Their new four-part series, Beckham (directed by Fisher Stevens, who plays PR-stooge Hugo Baker in Succession, and produced by David Beckham’s own production company), skillfully touches on his courting of the tabloids, his tumultuous relationship with Sir Alex Ferguson and an as-good-as-confirmed affair with his former assistant Rebecca Loos.
Yet notably absent from the 282 minutes of documentary is any mention of one of the most significant financial and political decisions of Beckham’s career: his 10-year £125 million deal to promote Qatar’s 2022 World Cup.
Also absent: any mention of criticism of the deal for sportswashing Qatar’s history of persecuting women and the LGBT+ community.
Stevens has said during the junket for the series that he asked Beckham about the deal but decided the answer “wasn’t brilliant enough to put in the film… nothing was going to change”.
But it was a question Beckham couldn’t avoid on the red carpet.

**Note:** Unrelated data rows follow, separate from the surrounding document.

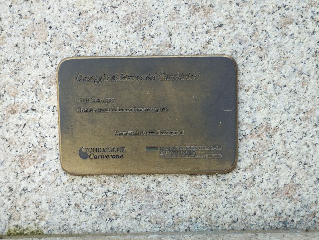 Monumento omaggio all’Arma dei Carabinieri realizzato da Pino Castagna con il sostegno di Fondazione Cariverona e di Banca Popolare di Verona.
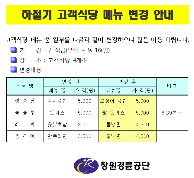 | 하절기 고객식당 메뉴 변경 안내 | |
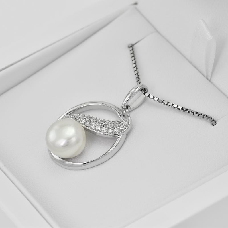 Silberne Halskette mit Perle und Zirkonia Kleio
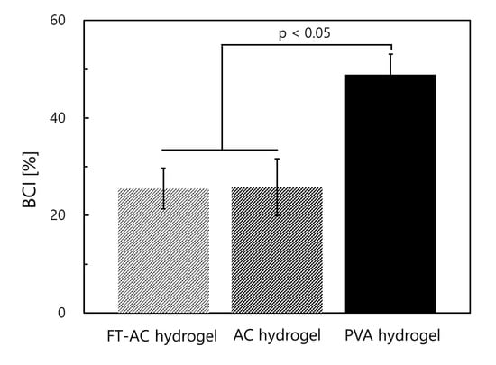 It is important to investigate the hemostatic properties of AC hydrogels when using them as wound dressings. Chitosan, a positively charged polymer, electrostatically attracts negatively charged red blood cells and platelets, resulting in the formation of blood clots (hemostasis). Hemostatic properties of AC hydrogels were examined by means of a blood-clotting test. AC hydrogels (CG26) had a lower coagulation index than poly (vinyl alcohol) (PVA) hydrogels prepared by freeze-thawing of PVA aqueous solution (Figure 5). PVA was used because the polymer has been used as a commercial dressing material. These results show that AC hydrogels coagulate a large number of blood cells and have excellent hemostatic properties. Furthermore, there was no difference in the hemostatic properties between AC hydrogels and FT-AC hydrogel, showing that AC hydrogels retained favorable biological properties of FT-AC hydrogels.
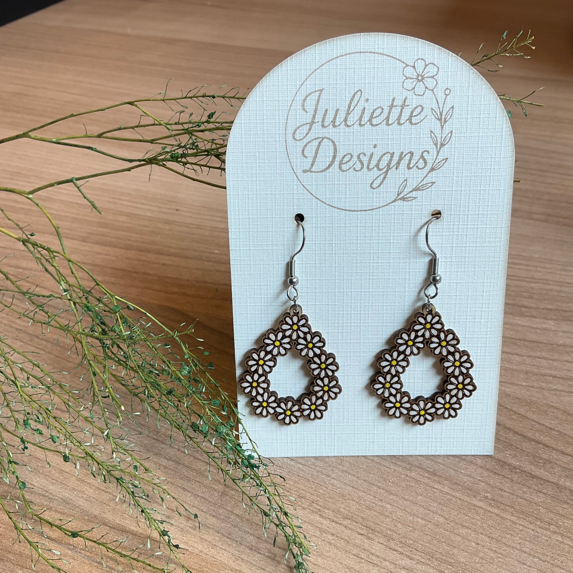 Laat je betoveren door de subtiele charme van onze Daisy-collectie. Deze unieke oorbellen zijn met liefde vervaardigd uit natuurlijk hout en gecombineerd met roestvrijstalen hangers waardoor ze niet alleen stijlvol, maar ook huidvriendelijk en duurzaam zijn. Het sierlijke bloemendessin brengt een vleugje vrolijkheid en elegantie in je dagelijkse look. Perfect om jezelf of iemand anders blij mee te maken!
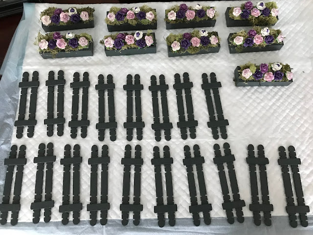 I've also had it in the back of my mind to make some flowering window boxes, which you can see here (along with the underside of the shutters as they're in the process of drying):
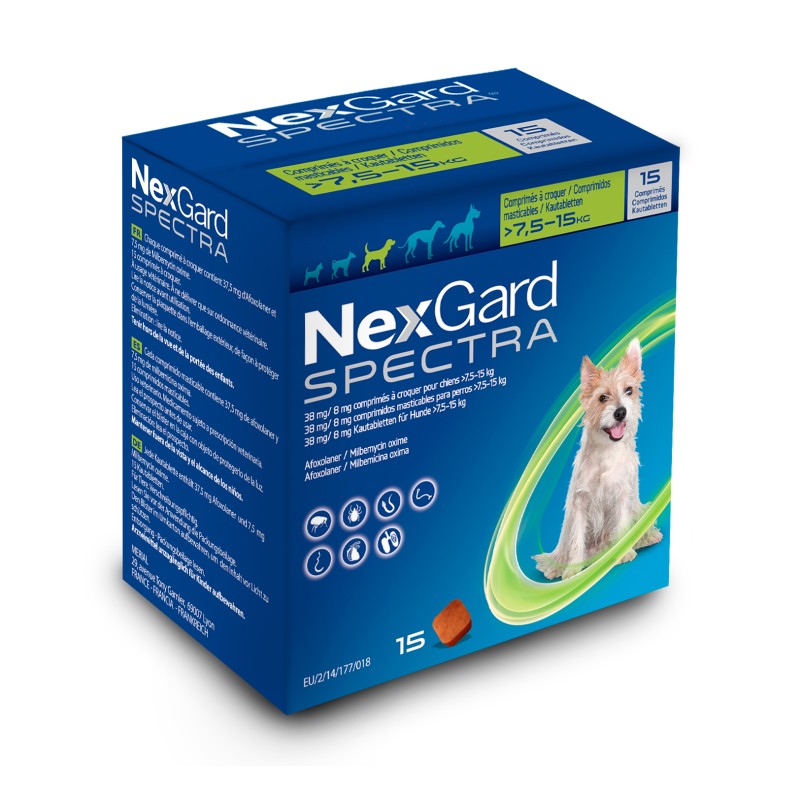 - NexGard Spectra 38 mg/8 mg (perros de más de >7,5 a 15 kg): 37,50 mg de afoxolaner y 7,50 mg de milbemicina oxima.
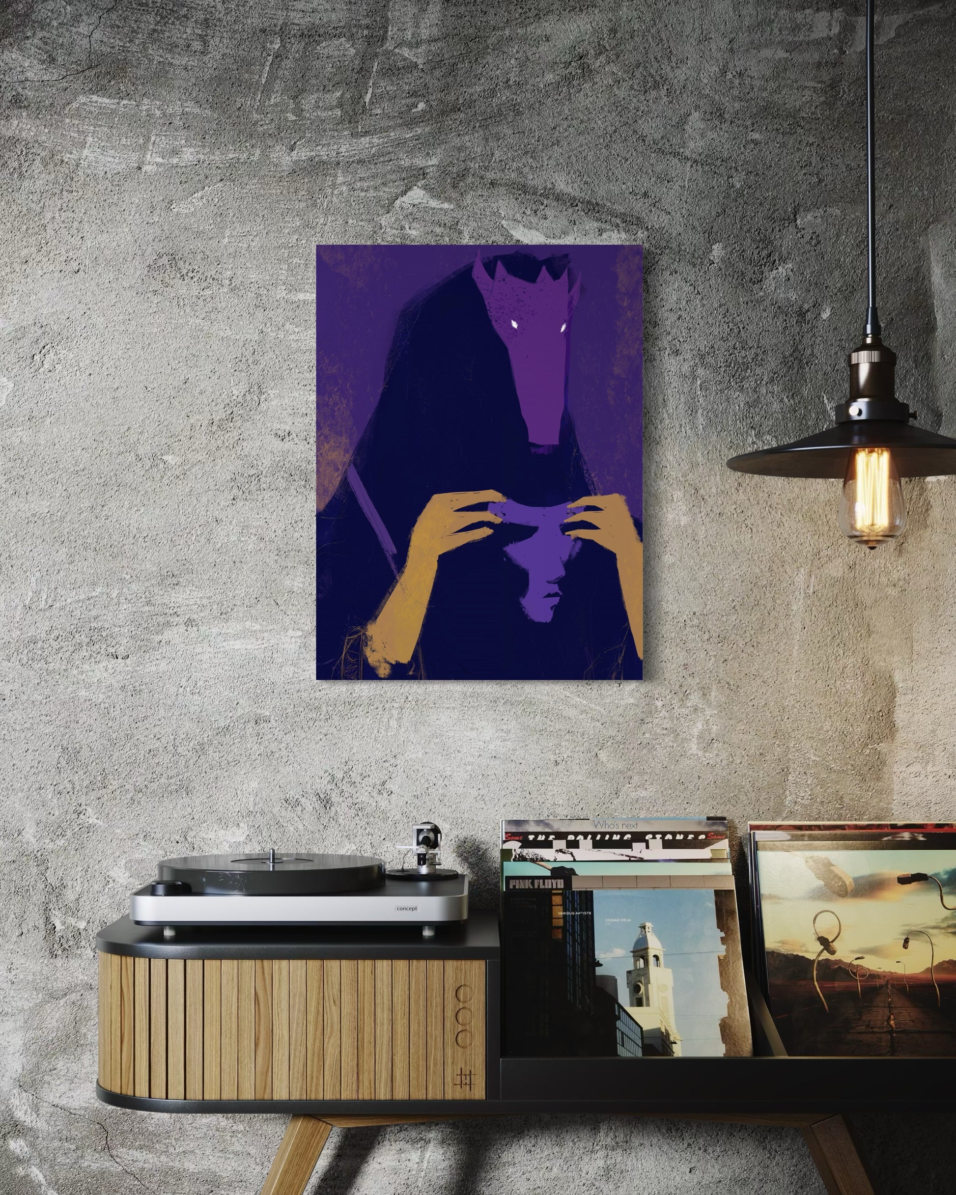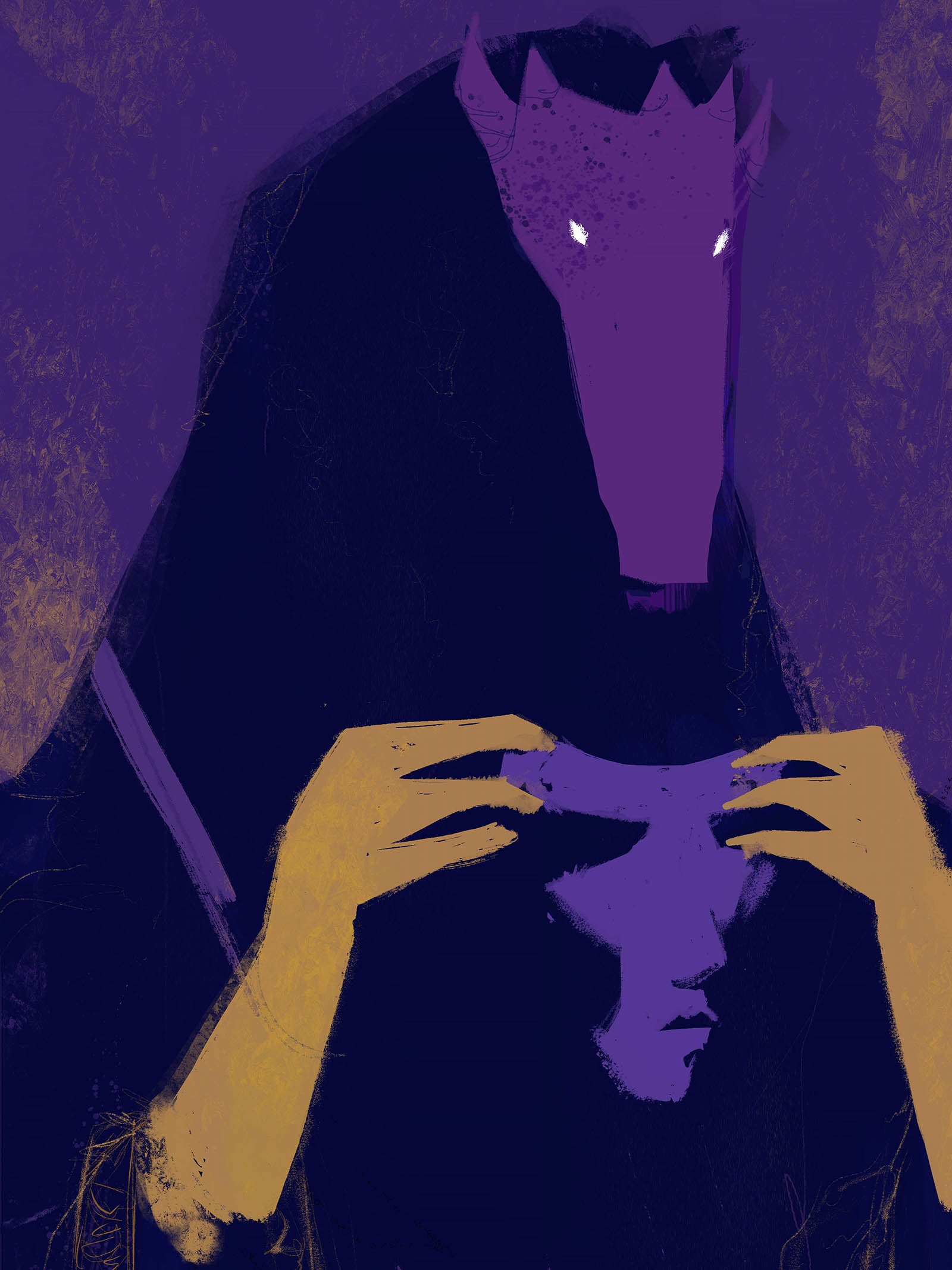 A reflection on humanity. A creature holds a mask with human features. Who is the monster? This beautiful art is available as fine art prints.

Speaking to Sky News the longtime icon for the gay community insisted his team had done their “homework” on life for gay people in Qatar.
Beckham also claimed he had “conversations” with the LGBTQ+ people at the World Cup who said that they “had enjoyed the games and… felt it was the safest World Cup they’d had for a long time”.
Chris Paouros, co-chair of Proud Lilywhites, the official Tottenham Hotspur LGBTQ+ Supporters’ Association, told Tortoise: “We all loved David Beckham but it’s just disappointing… [LGBTQ+] people may have had a perfectly nice time, but for me that was uncomfortable. I knew it was a facade. If I lived in Qatar I would have to hide, like our Qatari siblings have to”.
Dr Nas Mohamed, who became the first Qatari to publicly come out as gay, accused Beckham ahead of the World Cup of “stamping out hope” for the LGBTQ+ community in Qatar. Nas said Beckham was guilty of “taking money and looking the other way”.
A Human Rights Watch report found last year that Qatar Preventative Security Department forces arbitrarily arrested LGBTQ+ people and subjected them to ill-treatment in detention as the country prepared to host the tournament.